~/blog

Chain Rule of Derivatives

Jun 29, 202612 min readBy Mohammed Vasim
deep-learningneural-networksmachine-learningrepresentation-learning

Every weight update in a neural network comes down to one question: how does a change in W affect the loss? The problem is that Loss doesn't mention W directly. It mentions the output of a sigmoid, which depends on a weighted sum, which depends on an activation from the previous layer, which finally depends on W. To differentiate through that stack of composed functions, you need the chain rule. Without it, backpropagation has no mathematical foundation.

The anchor example throughout this post uses the two-layer network from earlier posts:

  • Input: x = [0.5, 0.1], label y = 0
  • W1 = [[0.5, -0.2], [0.3, 0.8]], b1 = [0.1, -0.1]
  • W2 = [[0.6], [-0.4]], b2 = [0.0]
  • Forward pass results: z1₁ = 0.33, a1₁ = 0.33, z1₂ = 0.13, a1₂ = 0.13, z2 = 0.146, ŷ = 0.536

Why the Chain Rule Exists

A neural network is nothing but a composition of functions:

text
ŷ = sigmoid( W2 · ReLU( W1 · x + b1 ) + b2 )
L = BCE(ŷ, y)

Written as a chain: L = BCE( sigmoid( linear2( ReLU( linear1(x) ) ) ) )

Gradient descent needs ∂L/∂W1 — how much the loss changes when you nudge W1. But if you look at the BCE formula, W1 doesn't appear in it. BCE depends on ŷ. ŷ depends on z2. z2 depends on a1. a1 depends on z1. z1 depends on W1.

The loss does depend on W1, just indirectly — through a chain of intermediate variables. The chain rule formalizes exactly how to follow that chain backward.

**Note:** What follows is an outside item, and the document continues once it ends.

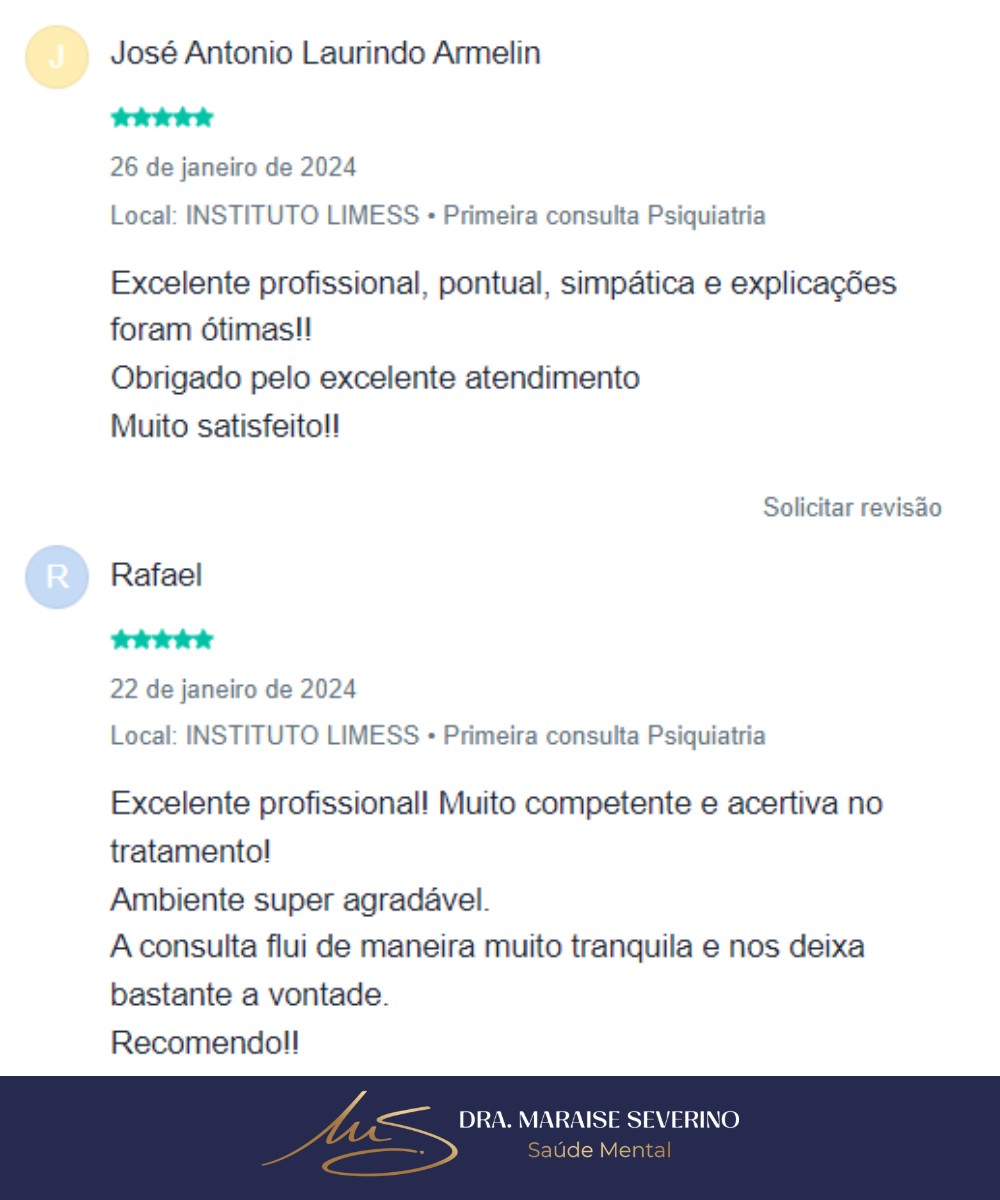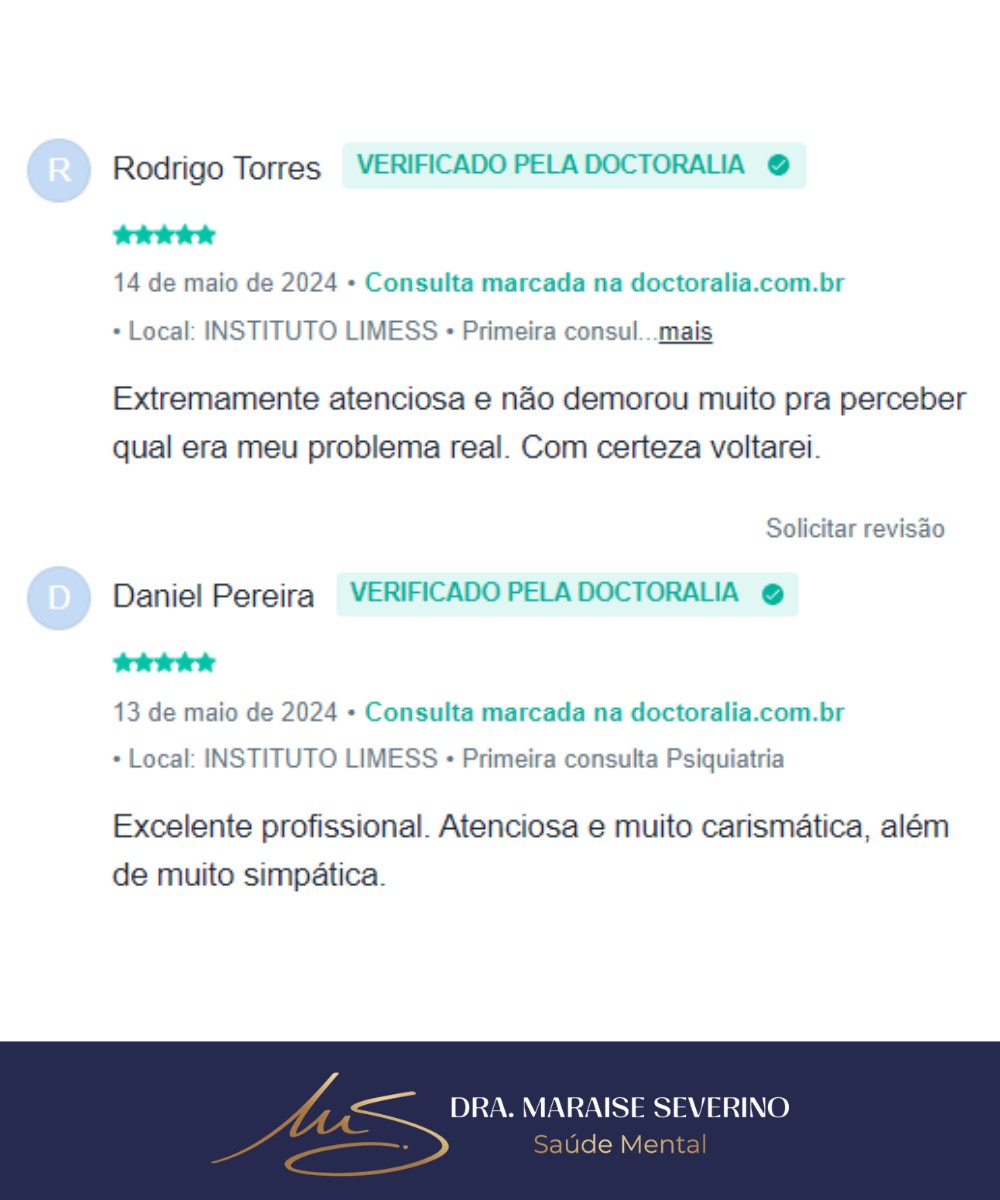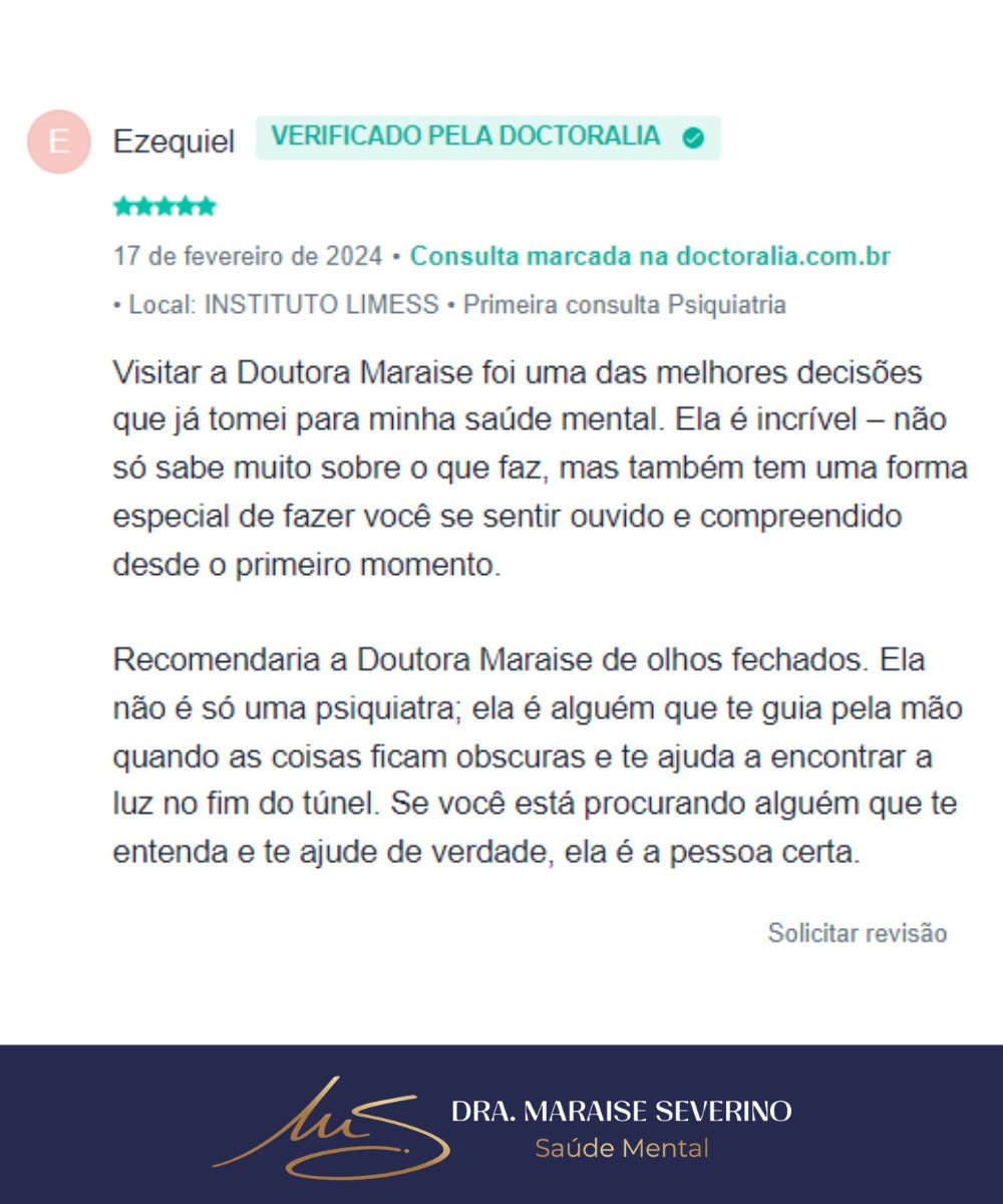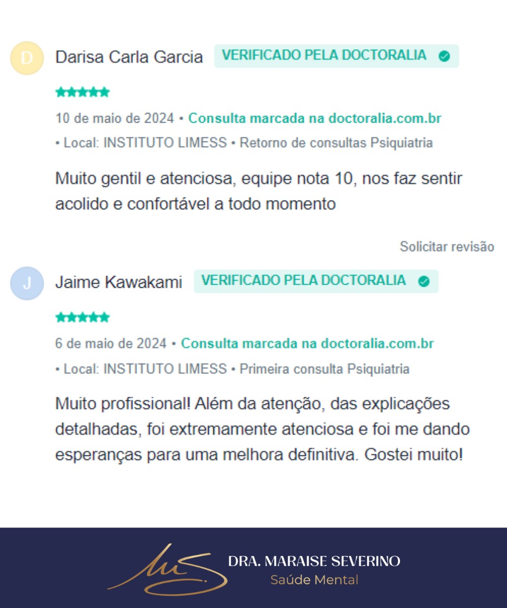 Consultas psiquiátricas com a Dra. Maraise Severino – atendimento acolhedor, profissional e sigiloso, presencial em São Carlos-SP ou online. Agende a primeira consulta com 10% OFF no pix.

Single-Variable Chain Rule

If y = f(g(x)), the derivative of y with respect to x is:

text
dy/dx = f'(g(x)) · g'(x)

You differentiate the outer function (evaluated at the inner function's output), then multiply by the derivative of the inner function. The key insight: the two derivatives multiply — they don't add.

DL example: A single neuron computes z = wx + b, then y = σ(z). What is dy/dw?

text
y = σ(z),   z = wx + b

dy/dw = (dy/dz) · (dz/dw)
      = σ'(z) · x
      = σ(z)(1 − σ(z)) · x

Numerical trace with w = 0.6, x = 0.5, b = 0.1:

text
z = 0.6 × 0.5 + 0.1 = 0.40
y = σ(0.40) = 1/(1 + e^{-0.40}) = 0.599

σ'(0.40) = 0.599 × (1 − 0.599) = 0.599 × 0.401 = 0.240

dy/dw = 0.240 × 0.5 = 0.120

The diagram below shows how derivatives flow backward through the composition:

w = 0.6 weight z = wx + b = 0.40 dz/dw = x = 0.5 y = σ(z) = 0.599 dy/dz = σ'(z) = 0.240 dy/dw = 0.120 backward: 0.240 × 0.5 = 0.120

Multivariable Chain Rule

When a function has multiple inputs, each one gets its own partial derivative. If L = f(z) and z = g(x₁, x₂):

text
∂L/∂x₁ = (∂L/∂z) · (∂z/∂x₁)
∂L/∂x₂ = (∂L/∂z) · (∂z/∂x₂)

DL example: The pre-activation of a neuron is z = w₁x₁ + w₂x₂ + b. The partial derivatives of z with respect to each weight are simply:

text
∂z/∂w₁ = x₁
∂z/∂w₂ = x₂
∂z/∂b  = 1

Each weight only multiplies one input, so its partial is just that input. This is a recurring pattern — the gradient of a linear layer with respect to a weight is always the activation feeding into it.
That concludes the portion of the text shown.